A charterer cannot recover his extra expenses by a general contribution, in consequence of a detention by an embargo, or by quarantine. Though he hired the vessel by the month, they are charged upon the ship and freight, but wages and provisions during detention form a general average. Jones v. Ins. Co. of North-America. 4 Dall. Rep. 246. Kingston v. Girad ibid. 274. Lavensworth v. Delafield,

1 Caine's N. Y. Rep. 573. Yet charges occasioned by an extraordinary quarantine shall be brought into a general average.

A vessel was captured and afterwards released, and but a part of the cargo condemned, which was compromised by the master with the captors. It was decided that the sum so paid was not a general average, but must be borne by the cargo alone. Vanderhewel v. United States Ins. Co. John. N. Y. Rep. 406.

Goods shipped on deck and lost, are not entitled to general average. Smith Caw. v. Wright and others, 1 Caine's N. Y. Rep. 43.

In case of Jettison, the owners contributed according to the value of the ship, at the end of the voyage, and the clear amount of the freight of the voyage after deducting the wages of the crew and the expense of the voyage,

It is held if a ship is lost by voluntary running her ashore, not any contribution is to be levied on the cargo, for the loss of the ship.Bradhurst v. Columbian Ins. Co. 9 Johns. Rep. 9; but if done to save the cargo is the subject of general average; but if resorted to, to save the lives or liberty of the crew, it is particular average. Caze v. Rutard, 2 Serg. and Rawle. 237.

In case of general average after detention and capture the contribution has been proportioned as follows, on the cargo valued on its first lost, and charges at the port of departure, on the vessel valued at four fifths of her actual value at the same place, exclusive of out-fits, and on the freight one half the amount payable in the event of a successful performance of the voyage. Lavenworth v. Delafied, Caine's N. Y. Rep. 573.

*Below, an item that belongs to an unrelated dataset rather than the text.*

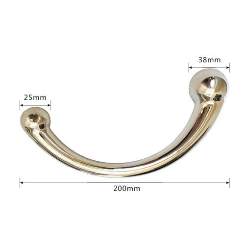 Premium stainless steel pleasure wand featuring dual-ended design with 2.1cm and 3.2cm balls for targeted G-spot or P-spot stimulation. Ergonomically curved 16cm length delivers precise pressure control and intense sensations. Body-safe, non-porous construction ensures hygiene and durability.
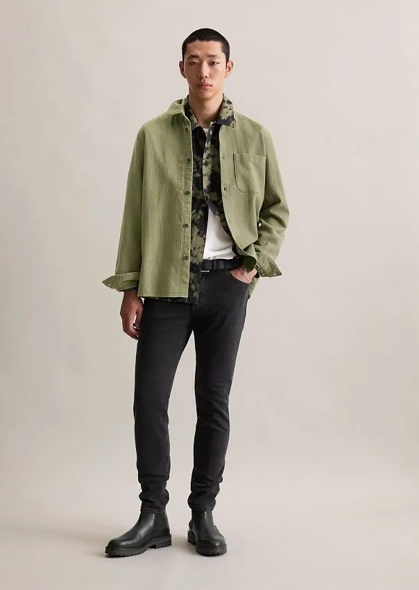 Добавьте рубашку из органического хлопка. Ее натуральный материал и свободный крой создадут комфорт и стиль. Для контраста можно выбрать рубашку из прочной ткани рипстоп с узором.

But if the ship be so much injured by the perils of the seas, as to sell her abroad, the amount she actually sold for, is the value for which she contributes on a general average. Bell v. Smith, 2 John. Rep. 98.

When the amount of salvage is not fixed by positive law, it must be determined by the principal of general law and equity, and is discretionary under all the circumstances of the case.

When there is many consignees, it is usual for the master, before he delivers the goods to take a bond from the merchants, for the due payment of their proportion of the average when the same shall be adjusted.

The underwriters are not liable, if the loss of the memorandum articles be partial, and not total, and it is partial only when part of the cargo arrives in safety, however deteriorated in value, though another part of the cargo has been wholly destroyed by disasters on the voyage. Brays v. Chesapeake In. Co. Morcan v. U. S. Ins. Co. 1 Wheaton's Rep. 219, 2270.

The memorandum clause in a policy usually declares the enumerated articles should be free from average, under a general average, unless general or the ship be stranded.

In a total loss in a wreck or any other casualty, in forwarding the cargo, there is no distinction between the memorandum articles and the rest of the cargo. Manning v. Newnhan, Conde's Marshal, 586. Moreau v. U. S. Ins. Co. 1 Wheaton's Rep. 219. Maygrath v, Church, 1 Caine's Rep. 214. Also cited in 3 Kent's Com. 244, 245.

AUCTIONS.

A bidder at an auction under the usual conditions that the highest bidder shall be the purchaser, may retract his bidding any time before the hammer is down. Payne v. Cave, 3 T. R. 148.